Biotechnology: Saving the world in comfort

Series Title
Series Details No.8317, 29.3.03
Publication Date 29/03/2003
Content Type ,

Date: 29/03/03

Applying biotechnology to industry could reduce both costs and pollution

WHEN enthusiasts talk of sustainable development, the eyes of most people glaze over. There is a whiff of sack-cloth and ashes about their arguments, which usually depend on people giving up the comforts of a modern economy to achieve some debatable greater good. Yet there is a serious point at issue. Modern industry pollutes, and it also seems to cause significant changes to the climate. What is needed is an industry that delivers the benefits without the costs. And the glimmerings of just such an industry can now be discerned.

That industry is based on biotechnology. At the moment, biotech's main uses are in medicine and agriculture. But its biggest long-term impact may be industrial . Here, it will diminish demand for oil by taking the cheapest raw materials imaginable, carbon dioxide and water, and using them to make fuel and plastics.

Fermenting sugar into ethanol is an art as old as the ancient Egyptians; the enzymes used are slow and steady ones provided by nature. Not for much longer. It is now possible to create enzymes that work thousands of times faster than their natural counterparts. These should turn the manufacture of ethanol as a petrol additive from a subsidised boondoggle into an industry that can pay its way. Biotechnologists are also working on enzymes that can digest cellulose - the tough, fibrous plant material referred to dismissively as “biomass” and thought fit merely to be burned. Turning biomass into fermentable sugars really would give petrol a run for its money.

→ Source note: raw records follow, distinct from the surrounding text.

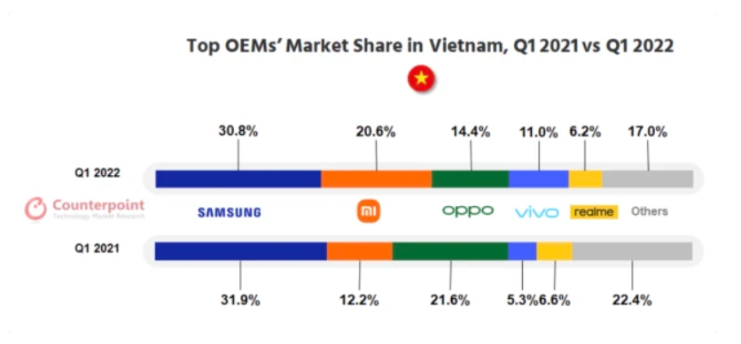 月度越南市場份額追蹤報告 圖源:Counterpoint Research
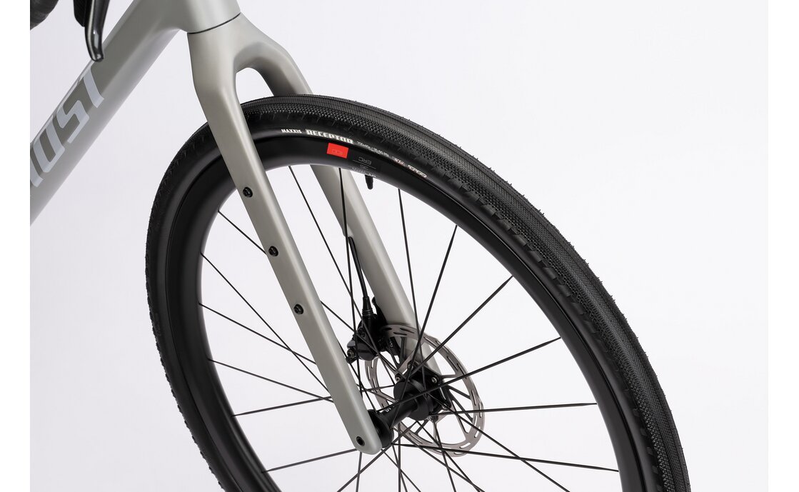 Die 28-Zoll-Laufräder des Ghost Asket CF LTD bieten das ideale Gleichgewicht zwischen Rolleffizienz auf Asphalt und Traktion auf Schotter und unbefestigten Wegen. Die hochwertigen Laufräder widerstehen den typischen Belastungen des Allroad-Betriebs zuverlässig und bieten durch den großzügigen Reifenfreiraum die Freiheit, verschiedene Reifenbreiten zu montieren. Auf befestigten Straßen sorgen schmalere Reifen für kraftsparendes Vorankommen, während breitere Gravel-Reifen auf rauem Terrain ausreichend Grip und Dämpfung liefern. Diese Anpassungsfähigkeit macht das CF LTD zum überzeugenden Mehrzweckrad für jeden Einsatzszenario.
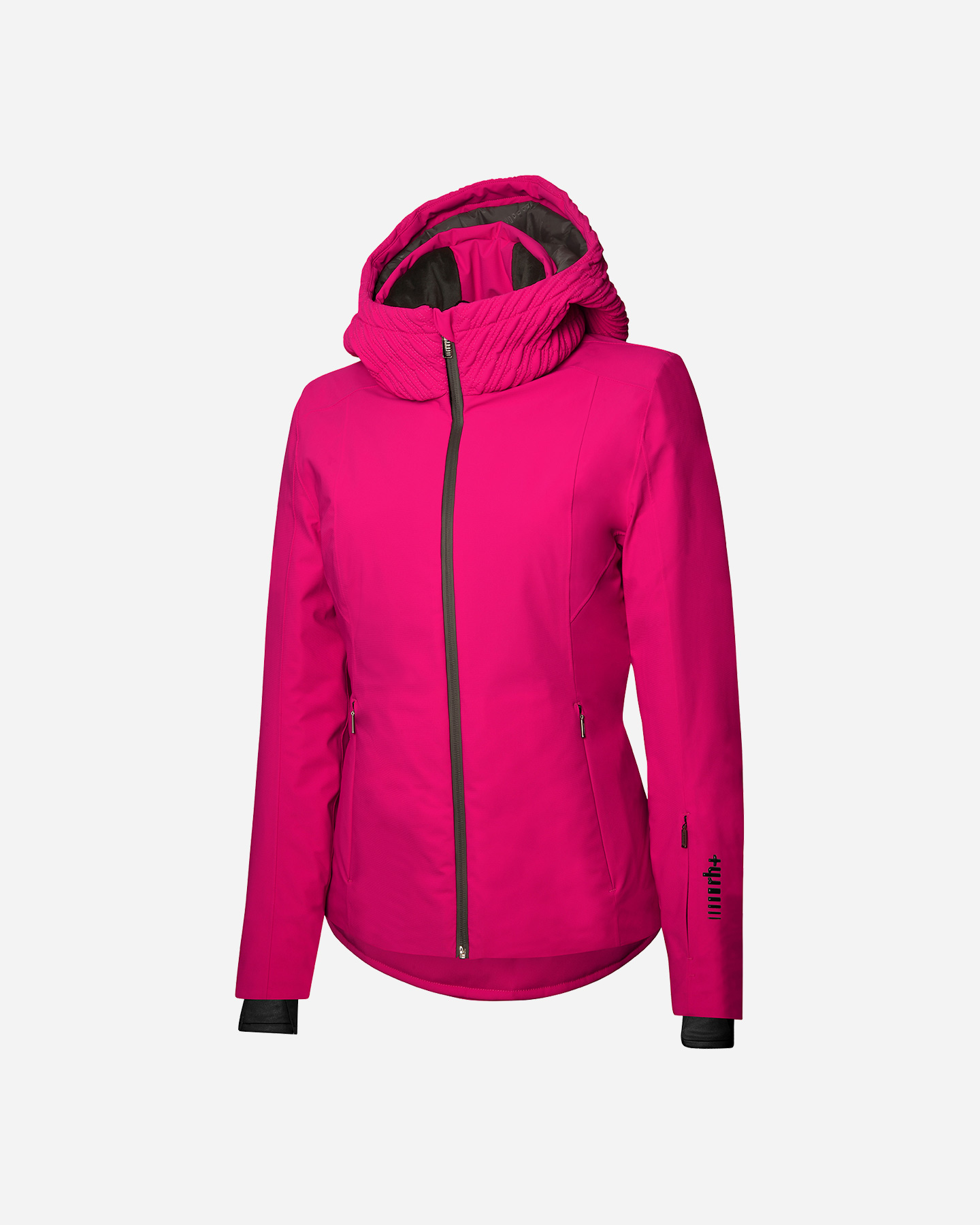 Giacca sci Rh+ XENA W - Donna - Capo completamente nastrato - Maniche preformate - Ampio cappuccio fisso in punto smock effetto Ellisse
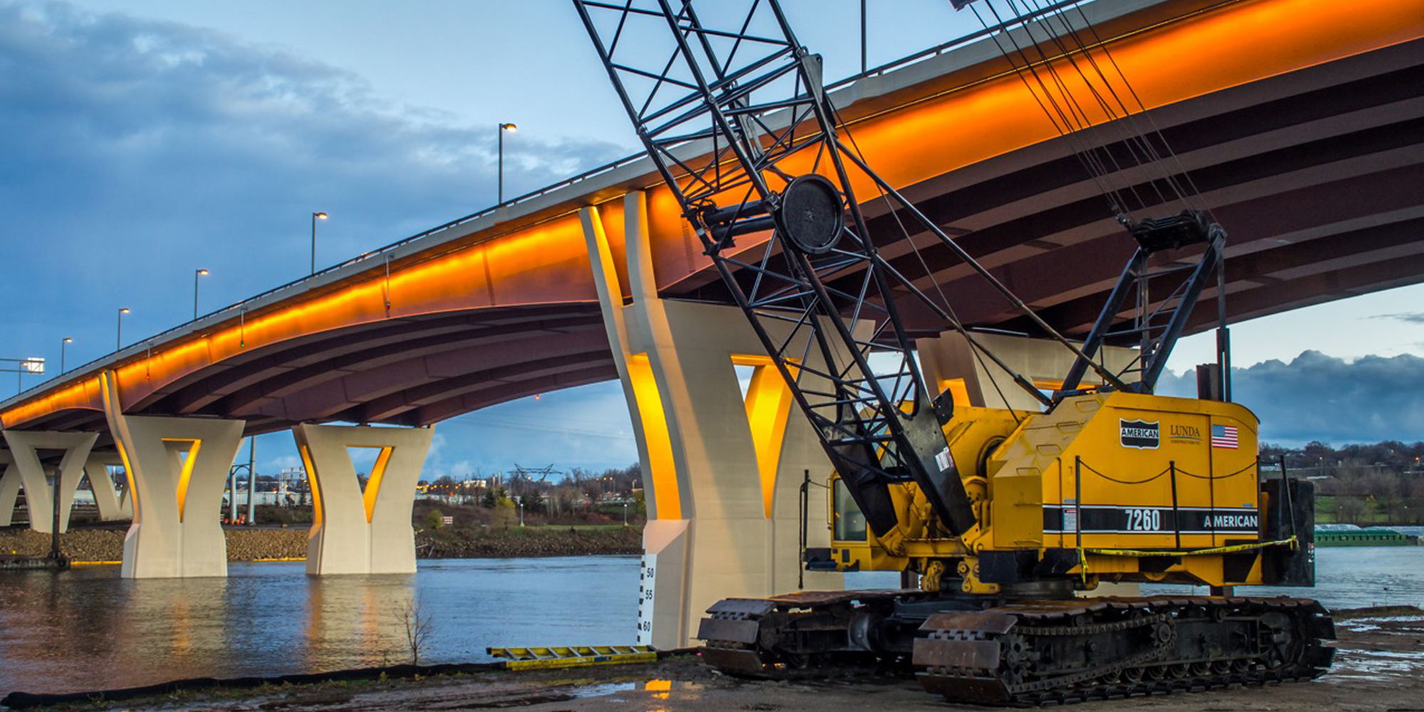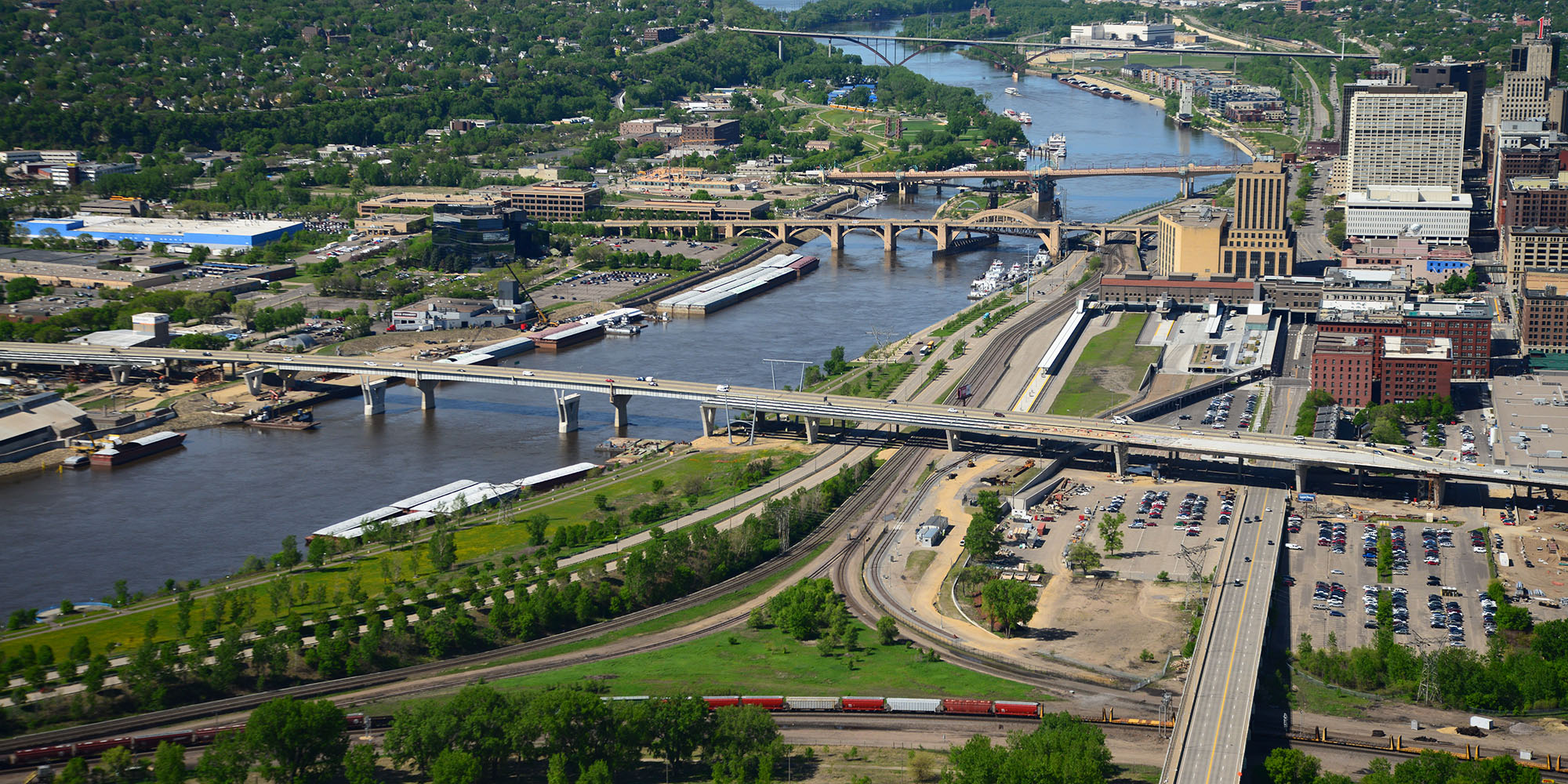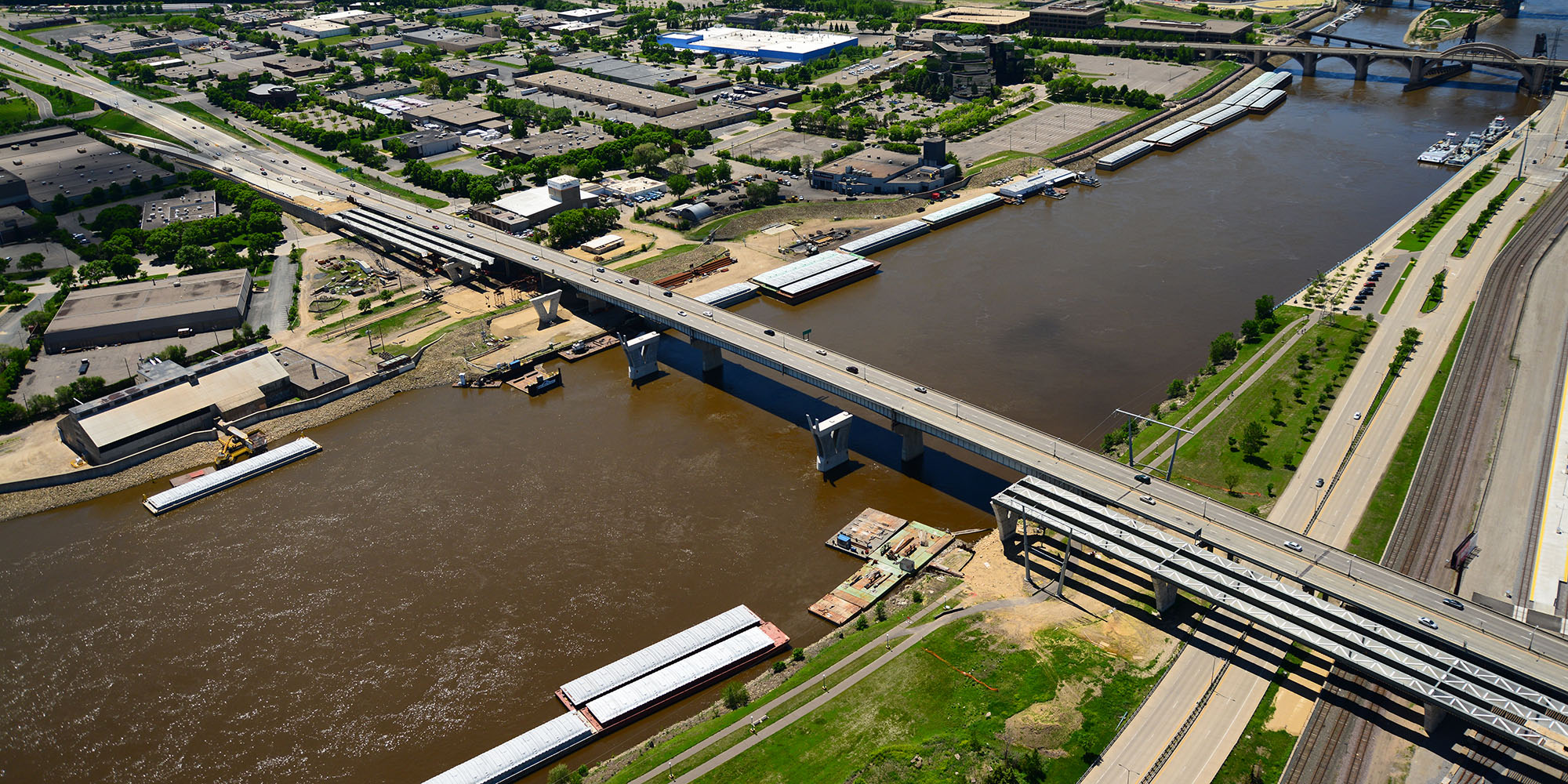 The project includes Bridges 62018 and 62017 that are each 3,209 feet long, 14 span structures with a 362-foot main span over the Mississippi River. Work activities on these structures included cofferdam installation, 42-inch OD pile driving, substructure construction, structural steel fabrication, structural steel erecting, and superstructure construction. The river piers are located on the edges of the Navigation Channel and required considerable coordination with the United States Coast Guard as well as the local stakeholders that move freight through this section of the river. To accomplish this, Lunda developed navigation plans that were reviewed and approved by the Coast Guard and local stakeholders. During the construction engineering and planning phase of the cofferdam designs, Lunda considered all the risks associated with the fluctuating water elevations of the river and designed the cofferdams to an elevation that would allow them to continue working (unless there was a major flood event). The work required that Lunda coordinate with the Corps of Engineers and City of St. Paul, as four of the land piers were located in flood protection levees. The Corps and City did not want the levees compromised, thus, Lunda developed means and methods to work over the top of the levees, which allowed the work to be completed without any impacts.
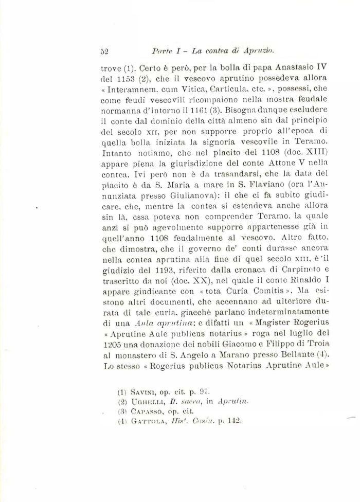 trove (1). Certo è però, per la bolla di papa Anastasio IV del 1153 (SJ), che il vescovo aprutino possedeva allora « Interamnein. cum Vitica, Carticula, ctc. », possessi, che come feudi vescovili ricompaiono nella mostra feudale normanna d'intorno il 1161 (3). Bisogna dunque escludere il conte dal dominio della città almeno sin dal principio del secolo xrr, per non supporre proprio all'epoca di quella bolla iniziata la signoria vescovile in Teramo. Intanto notiamo, clic nel placito del 1108 (doc. XIII) appare piena la giurisdizione del conte Attone V nella contea. Ivi però non è da trasandarsi, che la data del placito è da S. Ilaria a mare in S. Flaviano (ora l'Annunziata presso Giulianova): il che ci fa subito giudicare, che, mentre la contea si estendeva anche allora sin là, essa poteva non comprender Teramo, la quale anzi si può agevolmente supporre appartenesse già in quell'anno 1108 feudalmente al vescovo. Altro fatto, che dimostra, che il governo de' conti durasse ancora nella contea aprutina alla fine di quel secolo xin, è'il giudizio del 1193, riferito dalla cronaca di Carpineto e trascritto da noi (doc. XX), nel quale il contc Rinaldo I appare giudicante con «tota Curia Comitis». -Ala esistono altri documenti, che accennano ad ulteriore durata di tale curia, giacché parlano indeterminatamente di una Aula aprutina: e difatti un « Magister Rogerius « Aprutine Aule publicus notarius » roga nel luglio del 1205 una donazione dei nobili Giacomo e Filippo di Troia al monastero di S. Angelo a Marano presso Bollante (4). Lo stesso «Rogerius publicus Notarius Aprutine Aule»

The plastics industry, too, may be transformed by biotechnology. This year, plastics made entirely by bacteria that have had their metabolic pathways redesigned will go on sale. And that is just the start. Soon, plastics may be grown on farms, in genetically engineered plants, rather than being manufactured in huge, centralised industrial plants.

Plastics and fuels made in this way would have several advantages. They could accurately be called “renewables”, since nothing is depleted to make them. They would be part of the natural carbon cycle, borrowing that element from the atmosphere for a few months, and returning it when they were burned or dumped. That means they could not possibly contribute to global warming. And they would be environmentally friendly in other ways. Bioplastics are biodegradable, since bacteria understand their chemistry and can therefore digest them. Biofuels, while not quite “zero emission” from the exhaust pipe (though a lot cleaner than petrol and diesel), would be cleaner overall even than the fuel-cell technology now being touted as an alternative to the internal-combustion engine. That is because making the hydrogen that fuel cells use is not an environmentally friendly process, and never will be - unless it, too, uses biotechnology.

All this will, in the end, depend on costs. But these do not look unfavourable. Already, the price of bioplastics overlaps the top end of the petroleum-based plastics market. Bulk production should bring prices down, particularly when the raw materials are free. Meanwhile, ethanol would be a lot easier to introduce than fuel cells. Existing engines will run on it with minor tweaking, so there is no need to change the way cars are made. And since, unlike hydrogen, it is a liquid, the fuel-distribution infrastructure would not need radical change.

The future could be green in ways that traditional environmentalists had not expected. Whether they will embrace that possibility, or stick to sack-cloth, remains to be seen.

Editorial argues that applying biotechnology to industry could reduce both costs and pollution.